MaartenGr / KeyBERT

Minimal keyword extraction with BERT
https://MaartenGr.github.io/KeyBERT/
MIT License
3.54k stars 349 forks source link

output arrangement #138

Open iaditij opened 2 years ago

iaditij commented 2 years ago

I am getting results arranged according to the importance

def keyword_exctraction(self,new_text):
        eng_stopwords = stopwords.words('english')
        hinglish_stopwords=pd.read_csv("stopwords_hinglish.csv")
        hinglish_stop_words=hinglish_stopwords['Stop_words'].tolist()
        stop=hinglish_stop_words+eng_stopwords
        multilingual = SentenceTransformer('sentence-transformers/paraphrase-MiniLM-L6-v2')
        kw_model = KeyBERT(model=multilingual)
        doc = new_text
        keyword = kw_model.extract_keywords(doc, stop_words=stop,top_n=10,
                                  use_mmr=False,diversity=0.2,highlight=False)
        multilingual = SentenceTransformer('sentence-transformers/paraphrase-MiniLM-L6-v2')
        kw_model = KeyBERT(model=multilingual)
        #print(keyword)
        return keyword

keyword_extracted=self.keyword_exctraction(text)

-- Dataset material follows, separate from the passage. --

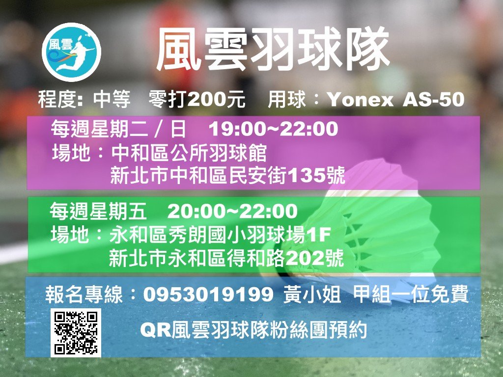 [台北縣中永和]風雲羽球隊每周二、日19:00~22:00, 五19:00~21:00
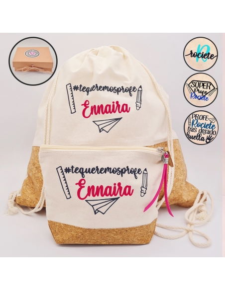 KIT 03 Caja regalo con mochila, estuche en corcho natural y algodón, de regalo diploma y pin de regalo..

text = "i want Iphone 14 purple"

The results i am getting is : [('iphone', 0.5916), ('purple', 0.5219), ('14', 0.272)]

But the language order of the result should be "iphone 14 purple" How can we get results in order via keybert?

MaartenGr commented 2 years ago

You would have to change the output yourself in order to sort them according to appearance in the text. As a default, KeyBERT returns the keywords ordered by importance. You could, for example, use the internal CountVectorizer to split up the document into words and re-order the keywords by their appearance in the text.